PharmAust's phase II monepantel trials a success
PharmAust Ltd (ASX:PAA), a clinical-stage oncology company, has released promising data in relation to its monepantel canine trial.
Management provided an interim trial update for its veterinary Phase II clinical trial investigating the anti-cancer effects of monepantel tablets in dogs with treatment naïve B cell lymphoma.
In what management conservatively termed a ‘’successful outcome’’, a total of six of seven eligible and enrolled pet canine patients have completed assessment following “at home” treatment by their owners.
One dog failed to medicate in accordance with the study protocol and was removed from trial assessment early on.
This dog, however, continued receiving monepantel tablets and has now reached over 120 days of treatment with prednisolone added to the treatment regimen by the veterinary surgeon.
50% reduction in tumour burden with majority stabilised
Following 14 days of monepantel tablet treatment, the veterinarians reported that one dog achieved a partial response with a greater than 60% reduction in total tumour burden and with one lymph node tumour regressing completely.
Four dogs achieved stable disease and progressive disease was seen in one dog.

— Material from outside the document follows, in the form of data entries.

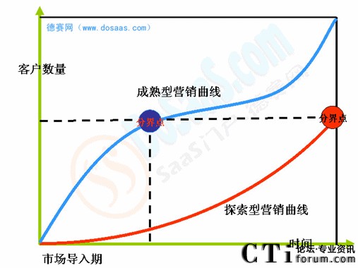 圖中分界點代表SaaS廠商進(jìn)入盈虧平衡點,即用戶續(xù)費已經(jīng)能夠保證企業(yè)正常運(yùn)營。目前大多數(shù)SaaS廠商目前都在探索SaaS營銷的方式方法,這種探索型的策略往往是基于以往的經(jīng)驗和傳統(tǒng)軟件的營銷策略進(jìn)行,沒有創(chuàng)新,沒有針對性。因此在市場導(dǎo)入期將會導(dǎo)致營銷周期長、營銷成本高,銷售業(yè)績差的局面出現(xiàn)。SaaS廠商可能都有這個經(jīng)歷,付費用戶從0到10要比從10到100難得多,成本也高得多。而對 SaaS廠商來說,最重要的就是快速開拓維持企業(yè)正常運(yùn)轉(zhuǎn)的客戶,在最短的時間內(nèi)提供企業(yè)運(yùn)轉(zhuǎn)的現(xiàn)金流,因為SaaS廠商的運(yùn)營成本已經(jīng)存在,如果前期銷售成本高、周期長,有可能廠商還沒有堅持到盈虧平衡點就已經(jīng)倒閉了。XTools副總經(jīng)理謝億民說:“我們XTools的五年,也花費了一兩年的時間自己去摸索SaaS的營銷之路,當(dāng)時沒有人知道SaaS到底是如何做營銷的。一旦知道如何營銷,就增長迅速,XTools目前已經(jīng)突破瓶頸,實現(xiàn)快速增長。”
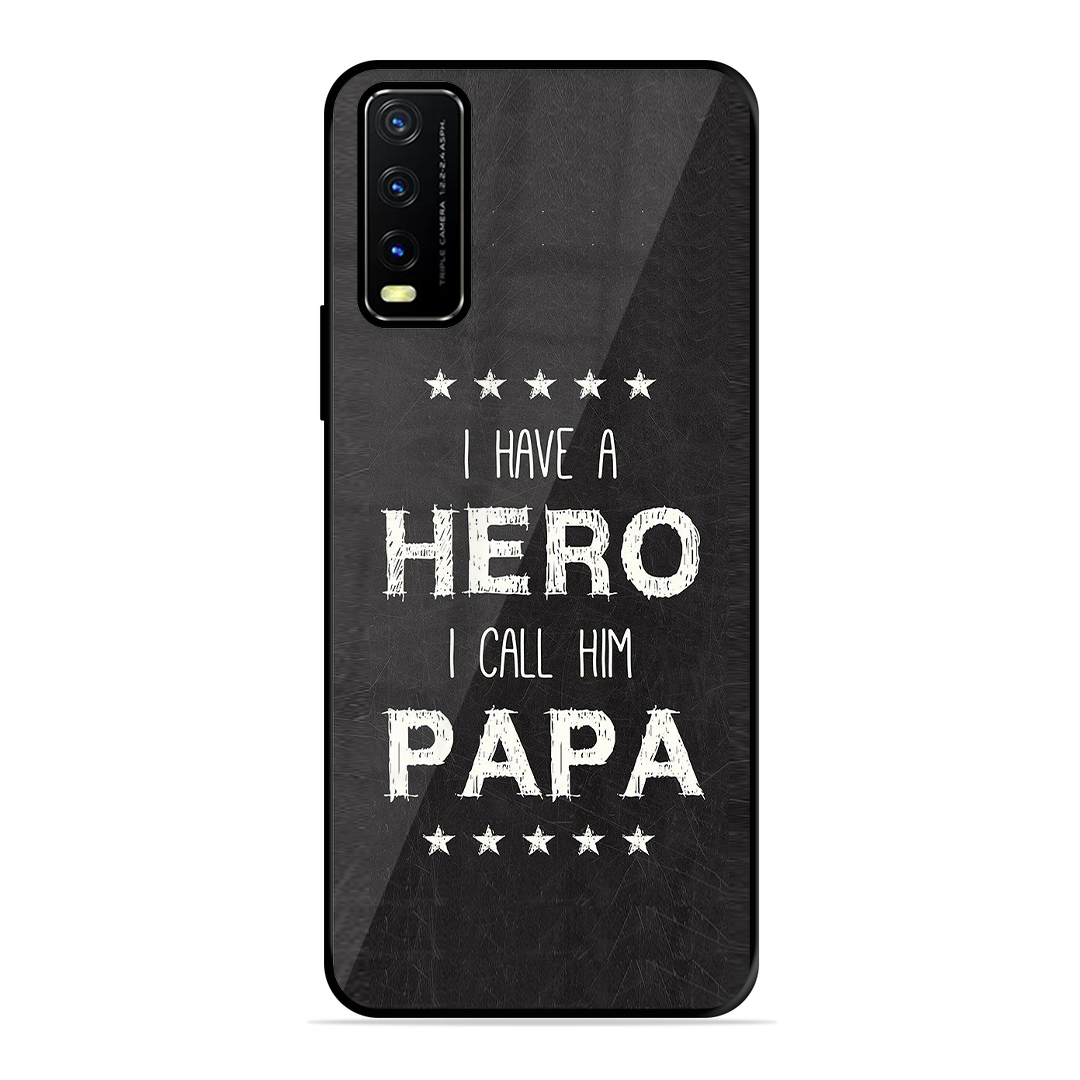 Tempered Glass Coated Metal Back Case for Vivo Y20G PAPA Is Hero
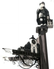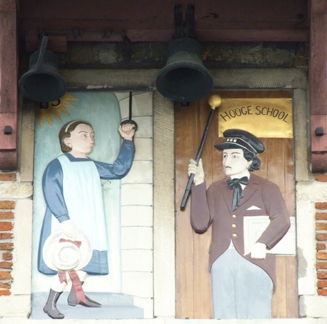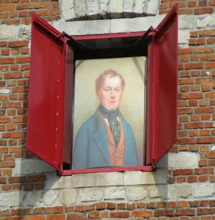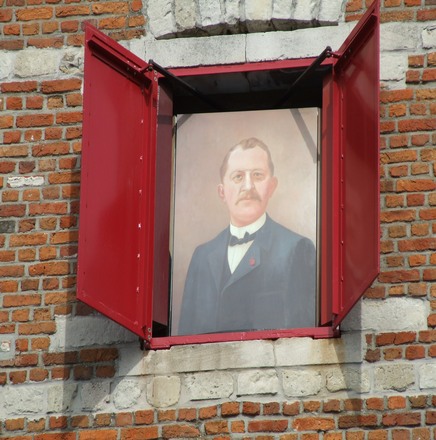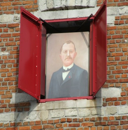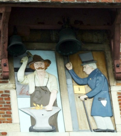 Sous ces 4 personnages, la petite niche abrite le mécanisme qui, à midi, présente un défilé des portraits
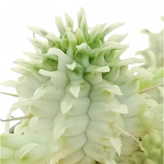Short, tubercled columns in pastel cream, green and pink resembling coral. Needs intense light, a gritty cactus mix, and very deliberate watering to keep the base firm.
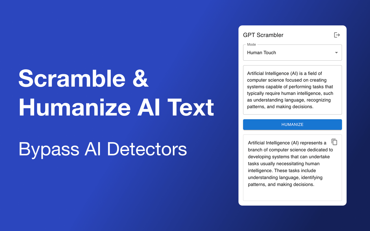 GPT Scrambler helps users rewrite AI-generated text to make it appear more natural and less detectable by AI content classifiers. The tool restructures wording, sentence flow, and phrasing while preserving the original meaning of the content. Typical users include students, marketers, content creators, and professionals who rely on AI writing tools but need more human-sounding outputs. It streamlines the content refinement process by quickly transforming drafts into polished, readable text.

This outcome provides a meaningful trend, comparing favourably with the treatment used in the original “liquid” monepantel formula reported on 3 December 2017, where six of seven dogs achieved stable disease and progressive disease was seen in one dog.
After 14 days treatment, one dog with progressive disease and one with a partial response, but elevated liver enzymes, discontinued monepantel tablet treatment.
All four remaining dogs completed the 28-day treatment schedule, with all achieving stable measured lymph nodes.
A new lesion, however, became apparent in two of these dogs and some elevated liver enzyme values not resulting in clinical illness were also noted.
Plasma MPL levels were recorded for all dogs and reached levels up to 50 times higher than those recorded in the human trial undertaken at the Royal Adelaide Hospital in 2014/2015.
Some variability was observed in plasma levels and, unexpectedly, at the lower blood levels of MPL there were better outcomes.
This observation may be consistent with the mechanism of action of mTOR inhibitors and lends itself to reducing and optimising the future dosing of monepantel tablets.
Paves the way for phase III trials
Commenting on these outcomes, University of Melbourne and U-Vet Werribee’s Dr Claire Cannon, the principal investigator overseeing the trial, said, “Monepantel appears to be showing anti-cancer activity in dogs with lymphoma and I believe that controlled Phase III trials are now warranted to investigate the efficacy and safety of lower dose monepantel.
‘’The Phase II trial results suggest that monepantel, perhaps in combination with standard of care lymphoma therapy, may represent a future prospect for treatment of dogs with this disease.”
Based on these findings, the Phase II trial is now on hold while an Interim Report is finalised for Elanco US Inc, highlighting both the efficacy parameters as well as the induction of inappetence and elevated liver enzymes at very high dosage levels of MPL.
In discussing the prospects of improved outcomes in phase III trials, PharmAust’s Chief Scientific Officer Dr Richard Mollard said, “Having the monepantel tablets achieve a 60% reduction in tumour burden in one dog, with one lymph node returning to normal, is a terrific and unexpected outcome.
‘’The correlation of lower MPL blood levels with superior outcomes is also a very positive trend, providing flexibility for better outcomes in a future Phase III trial.”